::: Source data

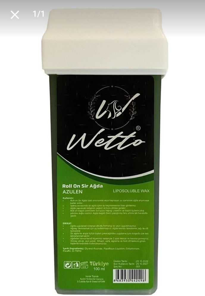 Wetto Roll On Sir Ağda Azulen, etkili ve kolay uygulanabilir liposoluble ağda ürünü. Türkiye üretimi, cildi pürüzsüz bırakır. iki tane mevcut bir tanesi çok az kullanılmış
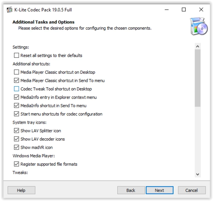该软件包含一套强大的工具包,可增强您的音频/视频播放体验,例如 Media Player Classic Home Cinema (MPC-HC)。它为媒体播放器提供了强大的功能。此外,Codec Tweak 工具允许您对应用程序进行配置。
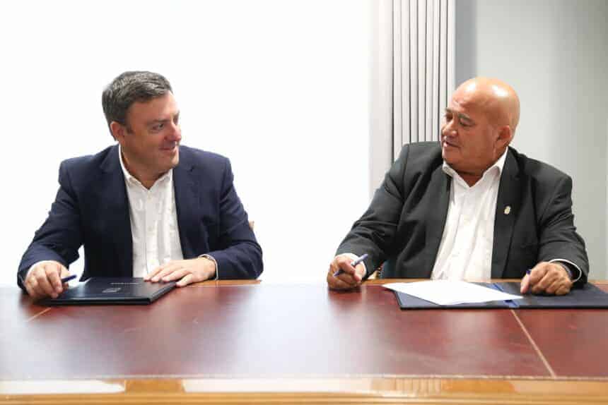 Valentín González Formoso e José Antonio Santiso Miramontes asinaron o convenio, que permite ofrecer asistencia xurídica a persoas derivadas polos servizos sociais de Abegondo, Bergondo, Betanzos, Cambre, Carral, Culleredo, Oleiros e Sada.
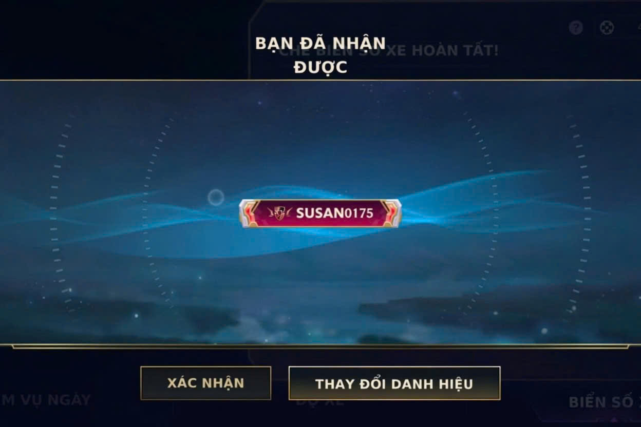 - Danh hiệu giới hạn (2 tháng): Hiển thị trực tiếp trên biển số xe đã chế tạo (ví dụ: SUSAN0175).
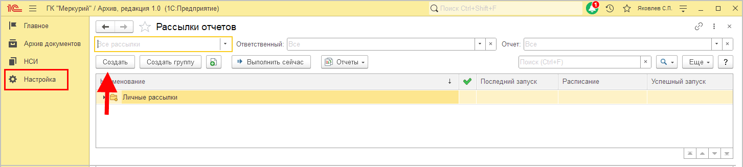 Посмотреть текущие рассылки отчетов и создать новые можно по команде Рассылки отчетов в меню раздела Настройка.
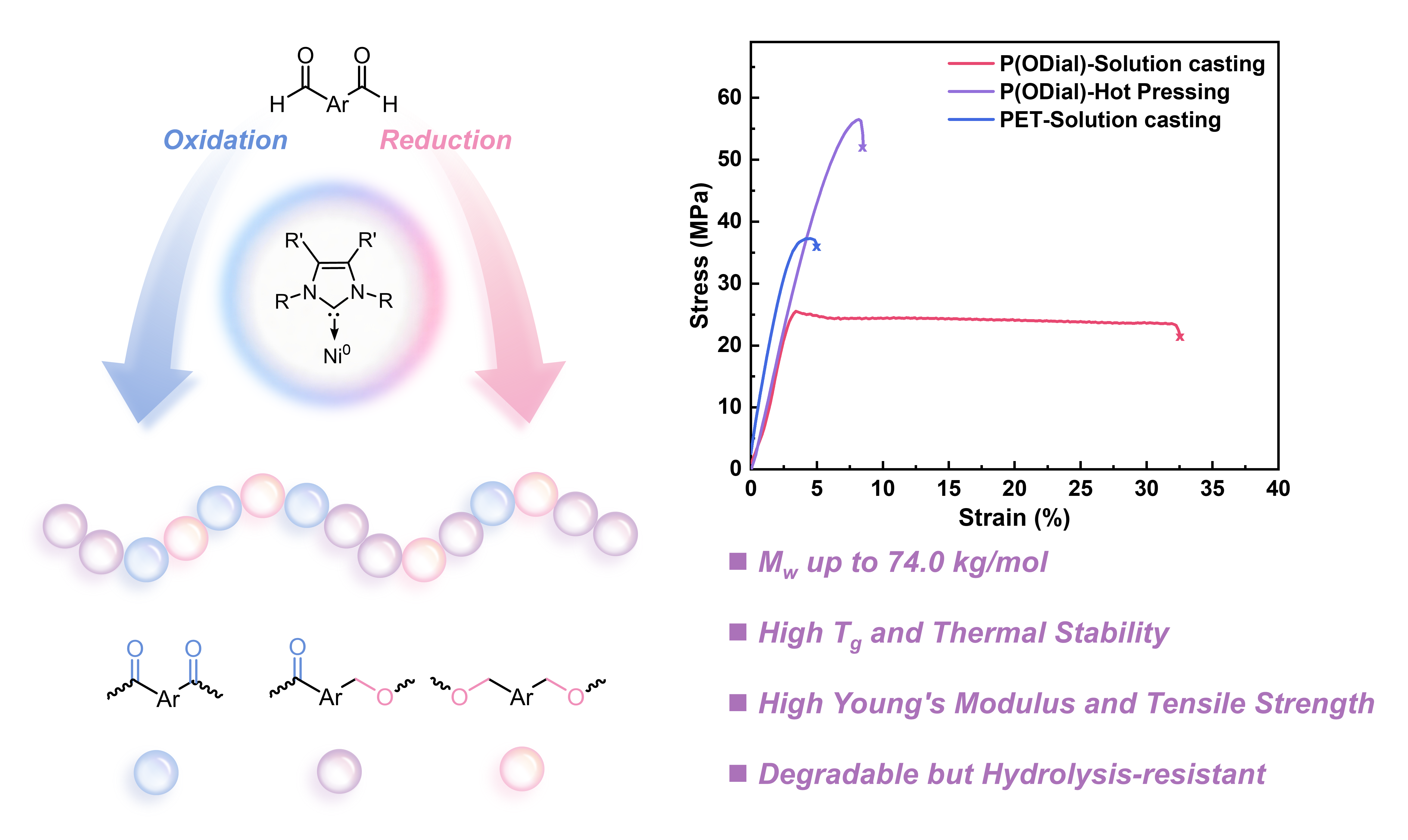 该研究证明,Ni(0)/NHC催化的CDP策略为利用易得芳香二醛单体构建高性能芳香聚酯提供了一条高效而普适的新途径。该方法为聚合物结构与性能的精细调控提供了新平台,有望推动耐热、易加工且可降解/可回收高分子材料的理性设计与应用。
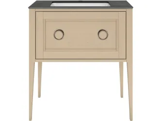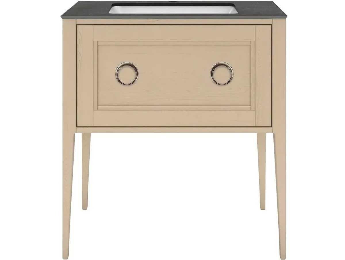 Напольная тумба с одним выдвижным ящиком выполнена из массива ясеня с отделкой «открытая пора». Вместительный ящик с плавным закрыванием украшен двумя крупными ручками. Сочетается с керамическими столешницами PLAZA Classic шириной 80 см. Подходит для установки раковин с типом монтажа «встраиваемая снизу».
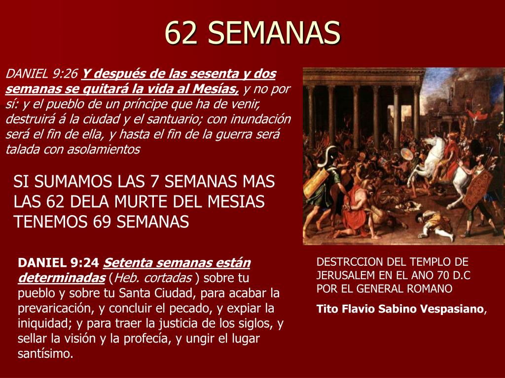 62 SEMANAS DANIEL 9:26 Y después de las sesenta y dos semanas se quitará la vida al Mesías, y no por sí: y el pueblo de un príncipe que ha de venir, destruirá á la ciudad y el santuario; con inundación será el fin de ella, y hasta el fin de la guerra será talada con asolamientos SI SUMAMOS LAS 7 SEMANAS MAS LAS 62 DELA MURTE DEL MESIAS TENEMOS 69 SEMANAS DANIEL 9:24 Setenta semanas están determinadas (Heb. cortadas ) sobre tu pueblo y sobre tu Santa Ciudad, para acabar la prevaricación, y concluir el pecado, y expiar la iniquidad; y para traer la justicia de los siglos, y sellar la visión y la profecía, y ungir el lugar santísimo. DESTRCCION DEL TEMPLO DE JERUSALEM EN EL ANO 70 D.C POR EL GENERAL ROMANO Tito Flavio Sabino Vespasiano,
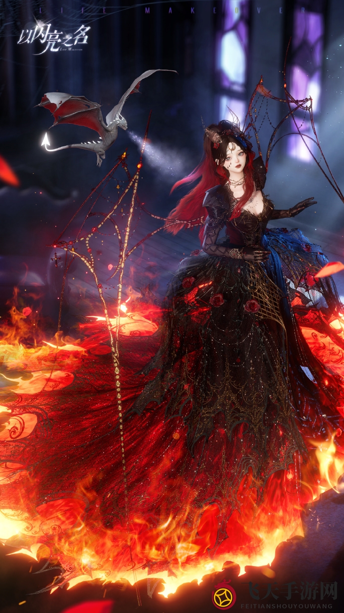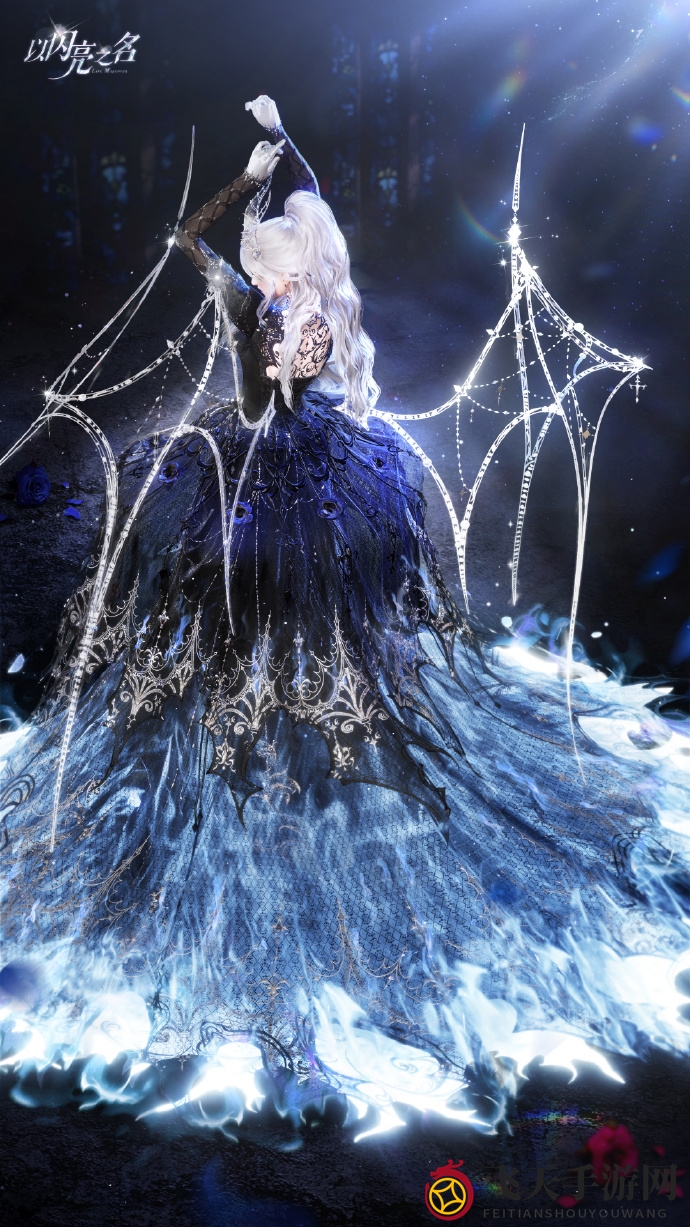 夜渊领主的裙摆仿佛暗夜哥特女神,在焰蓝色火焰与黯冰的交织中绽放出神秘光彩。
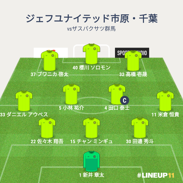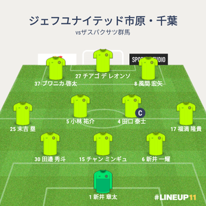 ジェフの先発メンバーは、GKに新井、CBに新井一輝とチャンと田邉、ボランチに田口と小林、右WBに福満、左WBに末吉、シャドーに風間とブワニカ、1トップにチアゴという布陣でした。
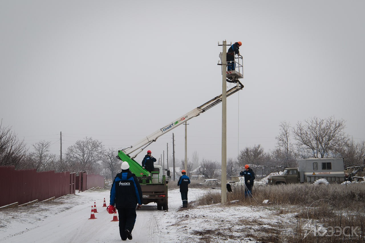 Восстановление освобожденных территорий не останавливается ни на день. Трудности подстерегают бригаду на каждом шагу, в целости подъехать к месту выполнения работ целиком зависит от опыта и мужества водителя. Бездорожье, местами гигантские канавы заполненные водой, которые объехать можно только по густым зарослям обочин. По дороге можно наткнуться на части разбитой техники. Пресс-служба, когда выезжала на съемку бригады Волновахского РЭС, оставила машину на полпути на нашем Daewoo Lanos доехать к бригаде шансов не было. А еще мы пробили колесо и благодаря собранности нашего водителя Виталика, его выносливости и морозостойкости мы поменяли колесо в поле на семи ветрах.
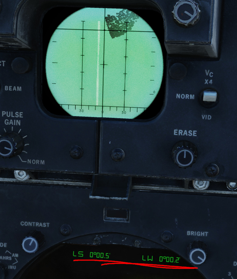 Radar is set to Pulse Search, 1 Bar. If the INS is not completely off the chart, using the distance from the waypoint can be a useful tool to pre-set the antenna elevation angle at a meaningful angle. This helps the process as 1 Bar is quite narrow, depending on the range.
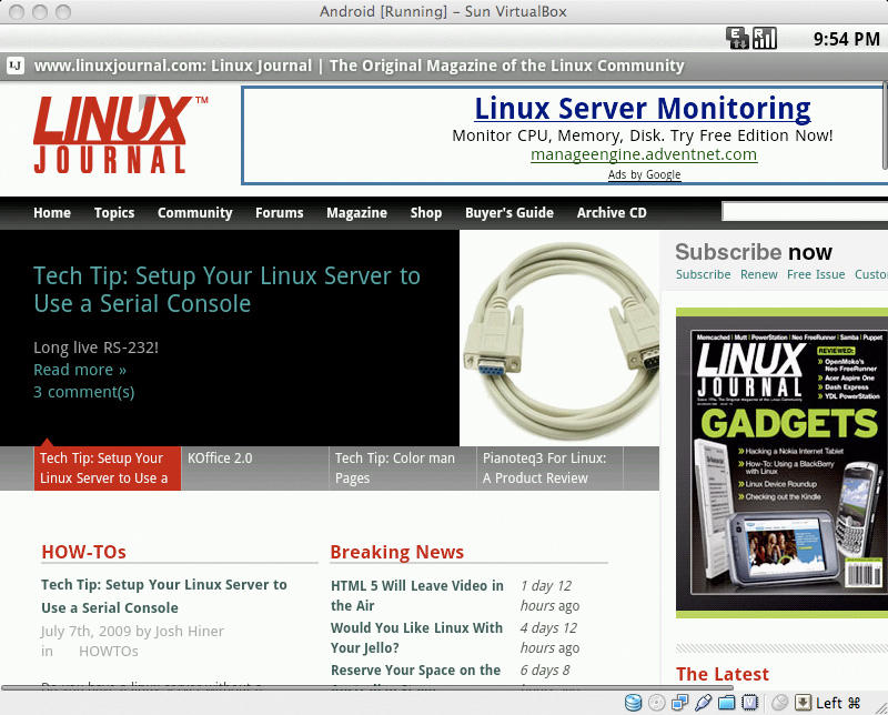However, aside from surfing the Web, mobile style, and playing with the Terminal application, there wasn't much of interest with Android on a VM. The applications aren't compelling enough to run there. As I had it built on a VM, I tried to port that to my Aspire One to see any performance differences, but there were enough hardware incompatibilities that I reached the point of diminishing returns. I figured I'd learned enough from the virtual machine, and going through another round of extensive troubleshooting just wasn't worth the effort.

::::::

Problem to work on ▸ Above are the records. Copy word for word only their lines from the one holding "Восстановление освобожденных территорий" through the one holding "Radar is set", both included, and skip the images.

Finished task ▸
 Восстановление освобожденных территорий не останавливается ни на день. Трудности подстерегают бригаду на каждом шагу, в целости подъехать к месту выполнения работ целиком зависит от опыта и мужества водителя. Бездорожье, местами гигантские канавы заполненные водой, которые объехать можно только по густым зарослям обочин. По дороге можно наткнуться на части разбитой техники. Пресс-служба, когда выезжала на съемку бригады Волновахского РЭС, оставила машину на полпути на нашем Daewoo Lanos доехать к бригаде шансов не было. А еще мы пробили колесо и благодаря собранности нашего водителя Виталика, его выносливости и морозостойкости мы поменяли колесо в поле на семи ветрах.
 Radar is set to Pulse Search, 1 Bar. If the INS is not completely off the chart, using the distance from the waypoint can be a useful tool to pre-set the antenna elevation angle at a meaningful angle. This helps the process as 1 Bar is quite narrow, depending on the range.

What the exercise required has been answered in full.